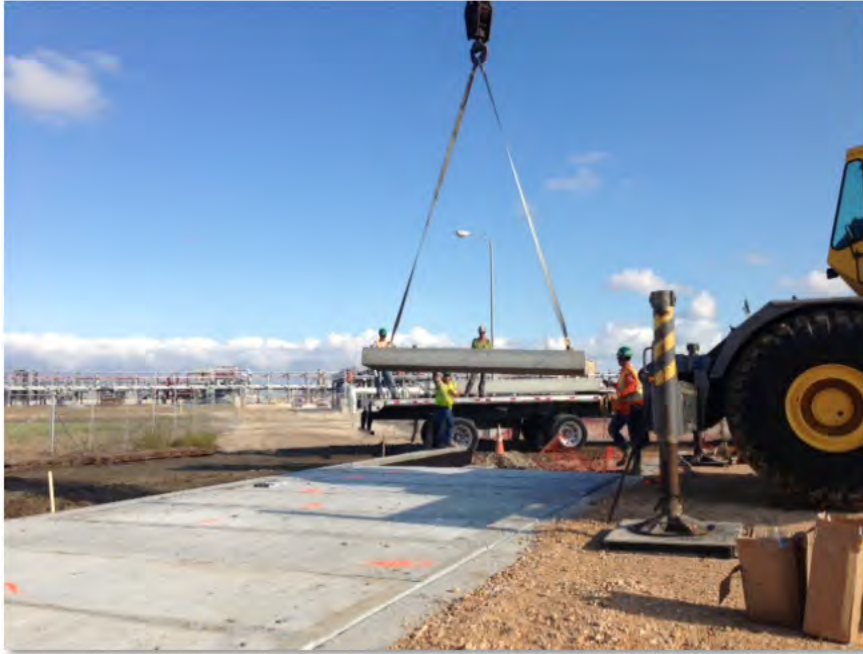
Pipeline Crossing Bridge Panel Installation (05-Dec-2012)
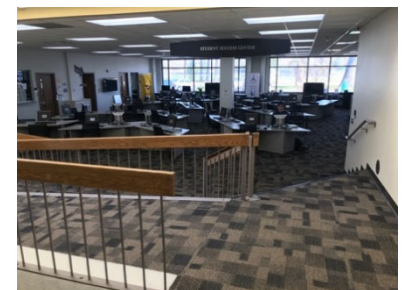
Osterlin Building – Student Success Ctr
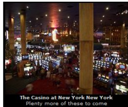
The Casino at New York New York Plenty more of these to come

After a few hours sleep we made a short tour of the southern part of the strip, just to get a first quick look at Las Vegas by Night, and it's pretty amazing.... very tacky but still amazing! They really have gone all the way when it comes to the lights, one of the most impressive ones is by far the Luxor with the beams that shoot out from the top of the pyramid. These lights can be seen from anywhere on the strip.

EXERCISE INSTRUCTIONS: Return, word for word, every line from the line with "The Casino at" to the final line of the data.

YOUR SOLUTION:
The Casino at New York New York Plenty more of these to come

After a few hours sleep we made a short tour of the southern part of the strip, just to get a first quick look at Las Vegas by Night, and it's pretty amazing.... very tacky but still amazing! They really have gone all the way when it comes to the lights, one of the most impressive ones is by far the Luxor with the beams that shoot out from the top of the pyramid. These lights can be seen from anywhere on the strip.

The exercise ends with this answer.